By having a data centre physically closer to the end user, the distance data must travel is vastly reduced, which increases internet speed and delays issues like lagging and latency. To understand how this works, it is best to imagine two cars entering a race. Both race cars are the same make and model, with the same capacity. They are both equally fast, but one car starts the race one kilometre from the finish line while the other can get a head start and enters the race just 100 meters from the finish line. It’s not hard to guess which one will win when considering that it is not the speed of the cars that determines the outcome, but instead the distance they each must travel.
The very same logic applies to data. There is a prevailing obsession with speed amongst many people familiar with the space. However, ultimately it doesn’t matter how fast the data travels when the data has to travel between an end user and a data centre that are physically far from each other. This example is the very definition of speed versus latency, and a source of incredible frustration for a number of internet users who test their internet speed, find it to be in a high range but still suffer from a lagging service. To keep up with the incredible technological breakthroughs that are continuing to become more prevalent in society, essentially the third act of the internet needs to be enacted, and edge distance needs to be dramatically reduced.
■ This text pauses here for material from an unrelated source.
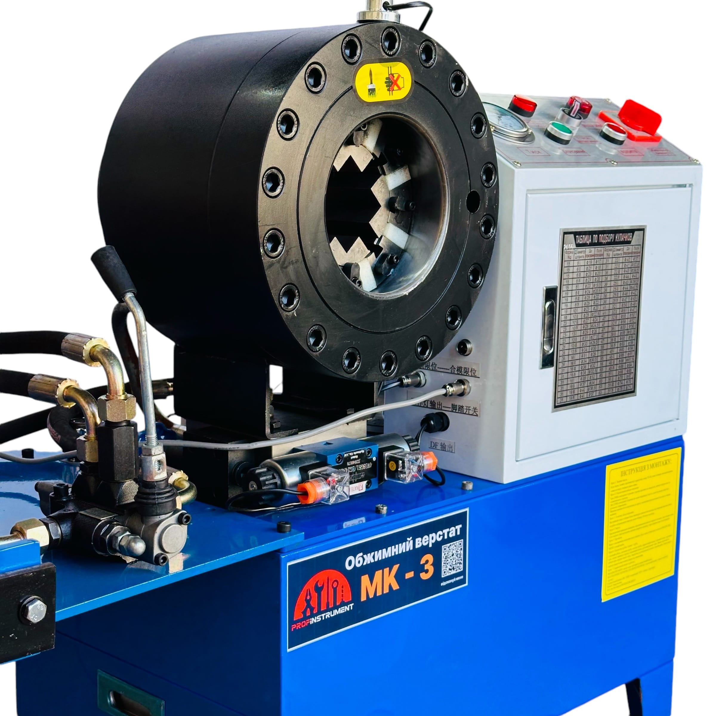 Обжимной пресс Profinstrument MK-3K – это профессиональный станок, разработанный для обжима труб разных форм и диаметров, в том числе квадратных и круглых, а также рукавов высокого давления (РВД).

Take self-driving cars for example. If self-driving cars are going to be viable, they would need the same, if not better, reaction time than a human driver. Imagine if a person walked in front of a self-driving car. It would have to be able to make the snap decision to stop immediately. If the data had to be sent to the cloud and back again, it could take too long for the car to stop and an accident would occur. With edge computing, the signal to stop would be immediate.
As edge computing allows IoT technology to make snap decisions, this has far-reaching potential in manufacturing, medical and emergency response equipment too.
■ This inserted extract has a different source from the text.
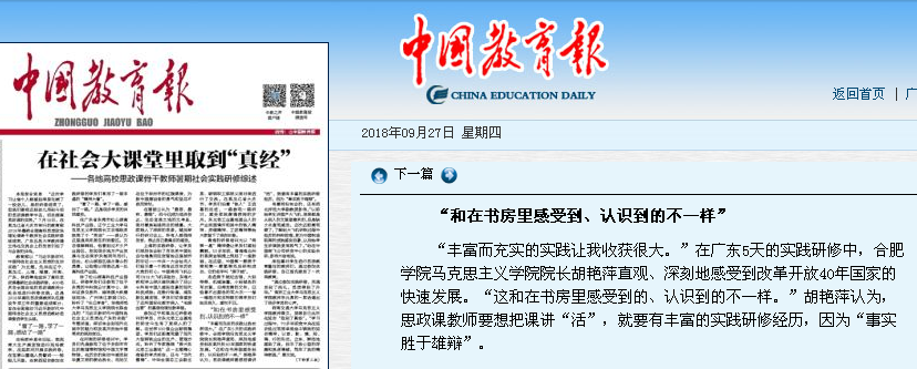 中國教育報2018年9月27日《在社會大課堂里取到“真經”——各地高校思政課骨干教師暑期社會實踐研修綜述》中,記述了胡艷萍的感受:“豐富而充實的實踐讓我收獲很大。”在廣東5天的實踐研修中,合肥學院馬克思主義學院院長胡艷萍直觀、深刻地感受到改革開放40年國家的快速發展。“這和在書房里感受到的、認識到的不一樣。”胡艷萍認為,思政課教師要想把課講“活”,就要有豐富的實踐研修經歷,因為“事實勝于雄辯”。(馬克思主義學院)

Businesses are expected to invest $700 billion in edge computing over the next 10 years. By 2028, forecasted total spend is $146 billion with a 35% compound annual growth rate. The Asia Pacific will account for 36.7% of global edge computing.
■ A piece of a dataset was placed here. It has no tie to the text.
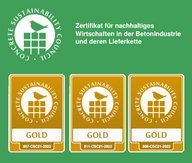 Concrete Sustainability Council (CSC) vergibt Zertifizierung in Gold für Rinn Die CSC-Zertifizierung führt zu einer kontinuierlichen Steigerung im nachhaltigen Wirtschaften der Zement-, Rohstoff und Betonindustrie. |

DXN Limited is one of the few companies that’s building and maintaining edge computing infrastructure today. The Australian company manufactures modular data centres that are setting future Internet users up for faster data processing in the IoT age.
Their modular edge data centres are a unique piece of the puzzle in the third act of the internet. Roughly the size of a shipping container, these data centres are far smaller compared to legacy data centres. They can be assembled off-site and deployed anywhere there’s room like car parks or at the base of mobile phone towers. Unlike big data centres which can take years to set up, these modular data centres can be built and installed in months. As these data centres are so close to end users, delays are drastically reduced.